From the first line of the listing below to the line with "Sweeten up your", print each line exactly, and nothing more. Leave out the pictures.

_Data shown_.
>>>
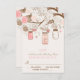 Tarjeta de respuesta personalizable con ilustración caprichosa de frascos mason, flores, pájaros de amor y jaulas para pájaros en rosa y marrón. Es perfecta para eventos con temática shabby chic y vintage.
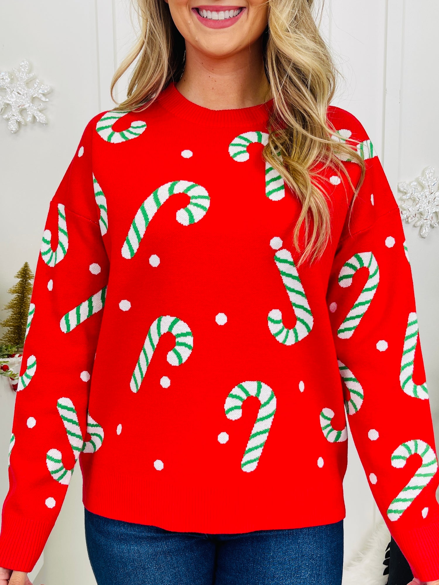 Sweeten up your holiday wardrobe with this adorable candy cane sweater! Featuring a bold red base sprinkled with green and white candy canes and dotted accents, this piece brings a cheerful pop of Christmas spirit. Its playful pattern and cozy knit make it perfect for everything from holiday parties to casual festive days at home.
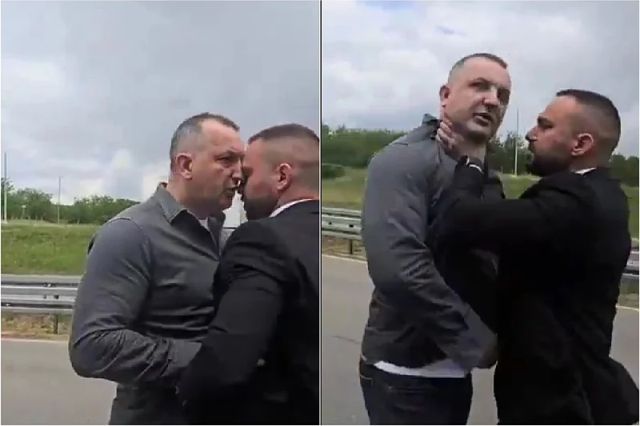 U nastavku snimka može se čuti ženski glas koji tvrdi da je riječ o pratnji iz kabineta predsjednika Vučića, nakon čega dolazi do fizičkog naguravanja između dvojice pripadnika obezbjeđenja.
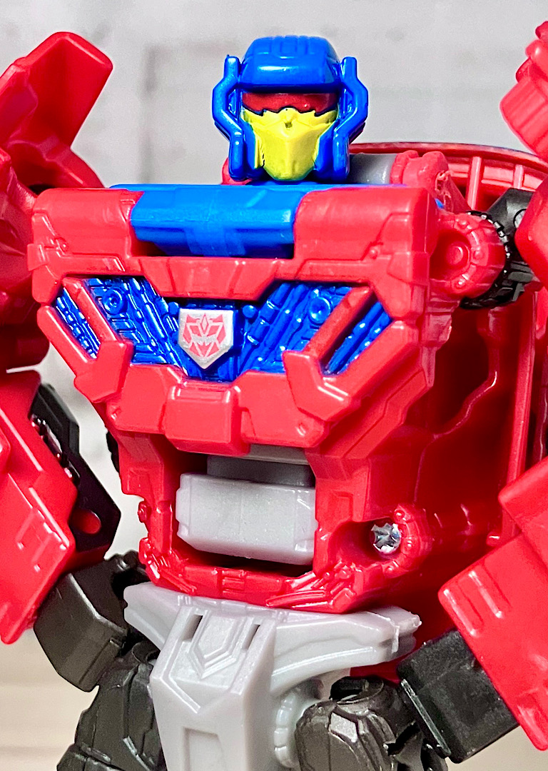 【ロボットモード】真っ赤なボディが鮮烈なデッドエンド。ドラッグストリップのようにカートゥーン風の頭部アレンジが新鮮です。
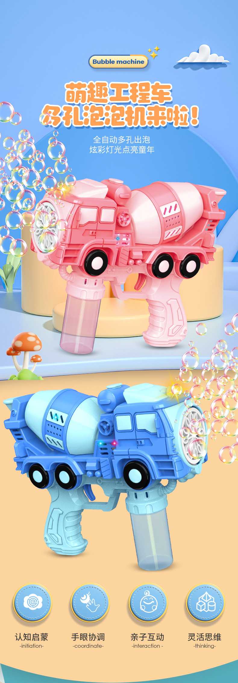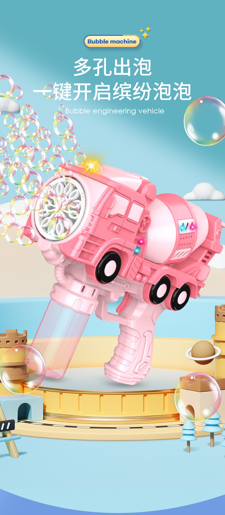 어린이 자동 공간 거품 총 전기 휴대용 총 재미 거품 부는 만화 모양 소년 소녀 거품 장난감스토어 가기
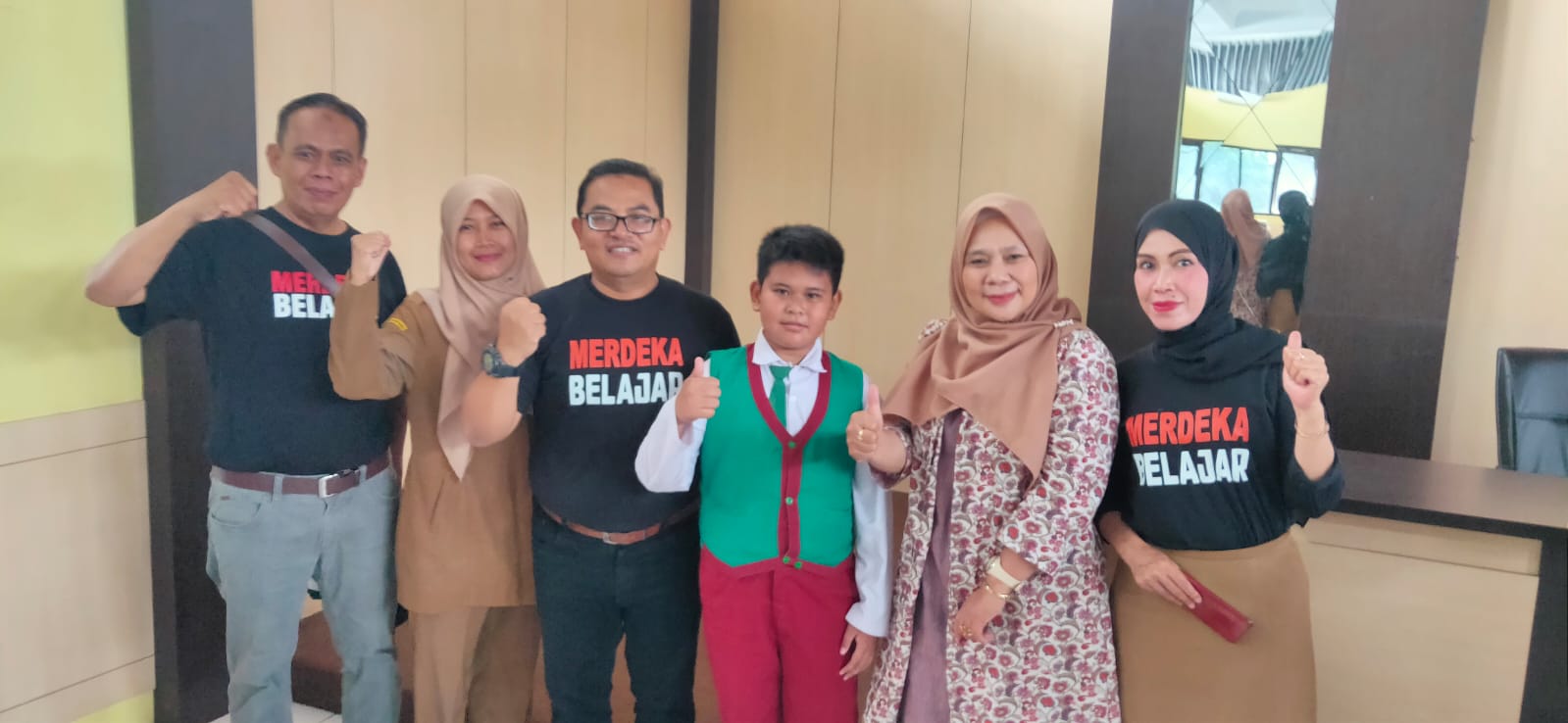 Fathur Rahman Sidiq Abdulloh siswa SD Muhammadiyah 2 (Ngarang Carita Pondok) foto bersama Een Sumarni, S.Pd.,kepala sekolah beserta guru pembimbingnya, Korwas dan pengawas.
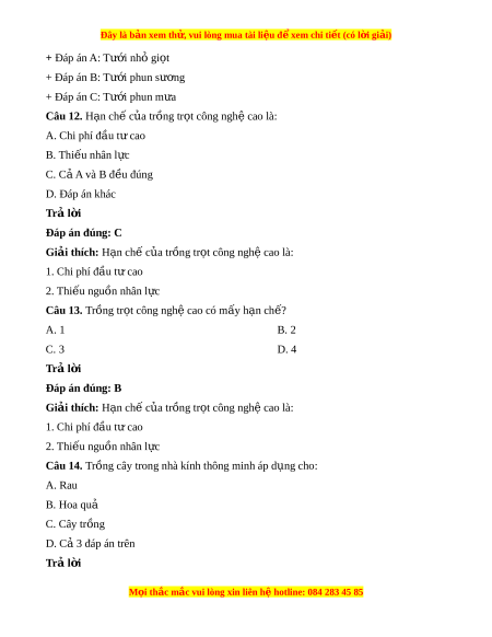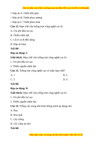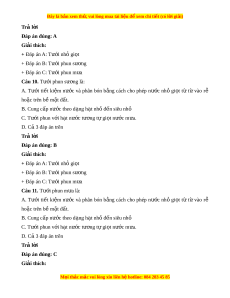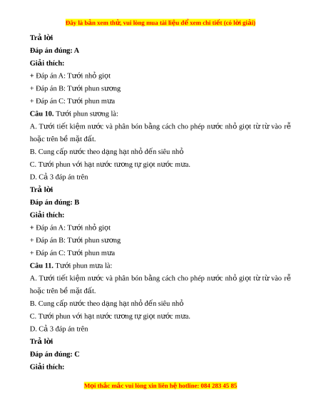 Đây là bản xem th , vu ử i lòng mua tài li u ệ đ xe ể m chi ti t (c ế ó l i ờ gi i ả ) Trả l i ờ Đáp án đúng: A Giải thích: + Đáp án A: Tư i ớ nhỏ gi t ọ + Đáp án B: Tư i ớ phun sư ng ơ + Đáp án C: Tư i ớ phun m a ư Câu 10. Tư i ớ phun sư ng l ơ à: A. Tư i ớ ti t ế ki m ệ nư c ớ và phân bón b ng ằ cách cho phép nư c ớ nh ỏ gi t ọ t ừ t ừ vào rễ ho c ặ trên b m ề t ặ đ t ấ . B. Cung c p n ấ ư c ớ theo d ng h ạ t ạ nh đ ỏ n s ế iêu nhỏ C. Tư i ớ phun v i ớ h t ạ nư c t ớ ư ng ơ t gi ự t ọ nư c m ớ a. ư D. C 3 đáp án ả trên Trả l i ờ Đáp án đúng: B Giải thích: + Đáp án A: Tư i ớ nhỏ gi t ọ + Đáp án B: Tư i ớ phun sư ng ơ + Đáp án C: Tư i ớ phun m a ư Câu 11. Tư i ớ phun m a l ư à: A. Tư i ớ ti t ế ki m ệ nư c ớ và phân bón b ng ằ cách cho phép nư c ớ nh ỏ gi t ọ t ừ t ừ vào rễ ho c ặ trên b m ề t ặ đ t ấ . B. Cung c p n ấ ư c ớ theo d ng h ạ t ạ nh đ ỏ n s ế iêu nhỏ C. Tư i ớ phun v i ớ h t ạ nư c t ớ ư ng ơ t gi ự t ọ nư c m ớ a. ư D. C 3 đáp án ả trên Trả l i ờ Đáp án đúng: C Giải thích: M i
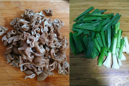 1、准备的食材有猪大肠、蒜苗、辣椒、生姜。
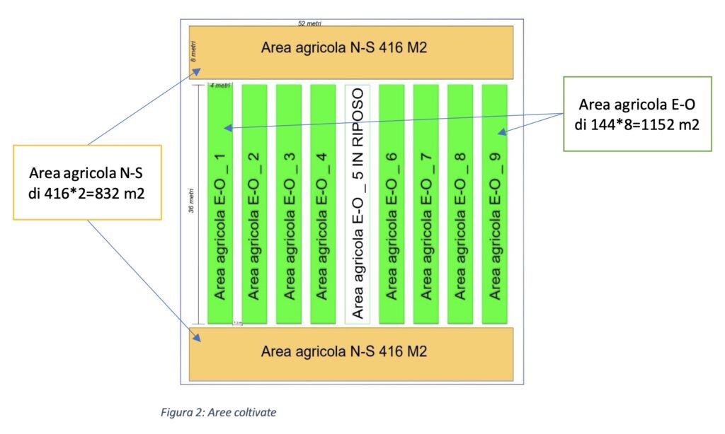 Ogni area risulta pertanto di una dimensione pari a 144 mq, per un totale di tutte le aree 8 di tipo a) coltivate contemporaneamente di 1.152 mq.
<<<
_Task response_.
 Tarjeta de respuesta personalizable con ilustración caprichosa de frascos mason, flores, pájaros de amor y jaulas para pájaros en rosa y marrón. Es perfecta para eventos con temática shabby chic y vintage.
 Sweeten up your holiday wardrobe with this adorable candy cane sweater! Featuring a bold red base sprinkled with green and white candy canes and dotted accents, this piece brings a cheerful pop of Christmas spirit. Its playful pattern and cozy knit make it perfect for everything from holiday parties to casual festive days at home.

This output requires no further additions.